Hervé This vo Kientza Novembre 2020

Une fois de plus, on m'interroge à propos de soufflés, et, notamment, de calculs et de mesures que j'ai faits il y a des décennies !

Je vais répondre, expliquer, mais en mettant cela dans le cadre véritablement scientifique qui était celui de jadis.

1. Commençons par une recette, de soufflé au fromage.

Pour toute entreprise humaine, il faut un objectif, avant le chemin qui y mène. Ici, l'objectif, la

"définition", c'est une préparation qui gonfle à la cuisson, mais si délicate qu'elle redescend qu'on la sert. En cela, elle s'oppose à un gâteau, qui pourrait gonfler un peu, mais, surtout, qui doit garder environ sa forme, son volume.

Oui, le soufflé est spectaculaire par son gonflement... et que l'on ne compte pas sur moi pour expliquer comment l'empêcher de retomber, sans quoi c'est une autre recette, mais pas un soufflé.

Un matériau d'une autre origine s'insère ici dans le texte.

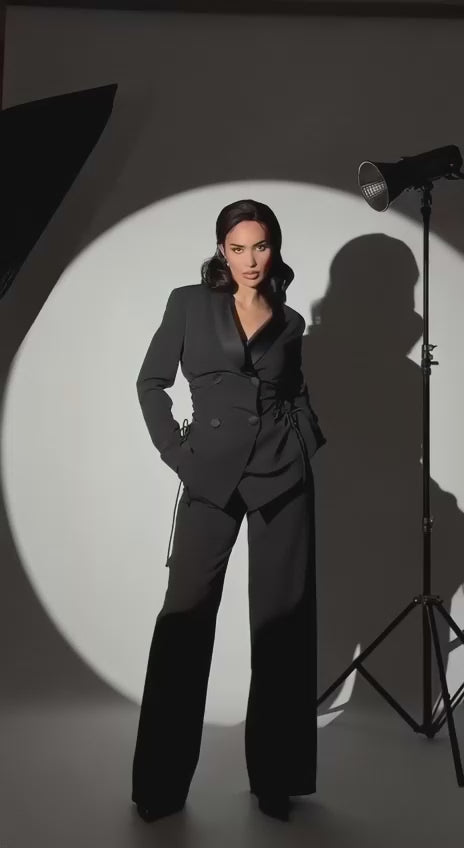 Lace-Up Black tailored wrap suit with wide-leg trousers for a bold, elegant, and confident look.

L'objectif étant clair, voici un "chemin", un procotole nommé "recette" : - on préchauffe le four à 180 °C

- on prend un saladier évasé qui va au four, si possible métallique, et on le beurre largement, puis on le farine doucement

- on prend une casserole - on y met 25 g de beurre

- on ajoute deux cuillerées à soupe bien pleines de farine, soit environ 50 g : - on cuit jusqu'à blondissement de la farine

- on ajoute 250 g de lait

- on cuit jusqu'à épaississement de la sauce

- hors du feu, on ajoute sel, poivre, noix muscade, piment de cayenne, et 100 g de fromage râpé - quand la préparation a un peu refroidi, on ajoute 4 jaunes d'oeufs

- on mélange bien le tout

- à part, on bat les 4 blancs d'oeufs en neige bien ferme

- on mélange le contenu de la casserole et les blancs en neige, délicatement - on verse le mélange dans le saladier beurré

- on place sur la partie inférieure du four, contact de métal à métal

- on cuit pendant environ 30 minutes, jusqu'à apparition d'une belle coloration sur le dessus

Lors de la cuisson, on observe un phénomène, qui est le du gonflement du soufflé. Certes, on part traditionnellement de blancs d'oeufs battus en neige, de sorte que la préparation initiale est déjà foisonnée, mais c'est un fait que les soufflés gonflent à la cuisson.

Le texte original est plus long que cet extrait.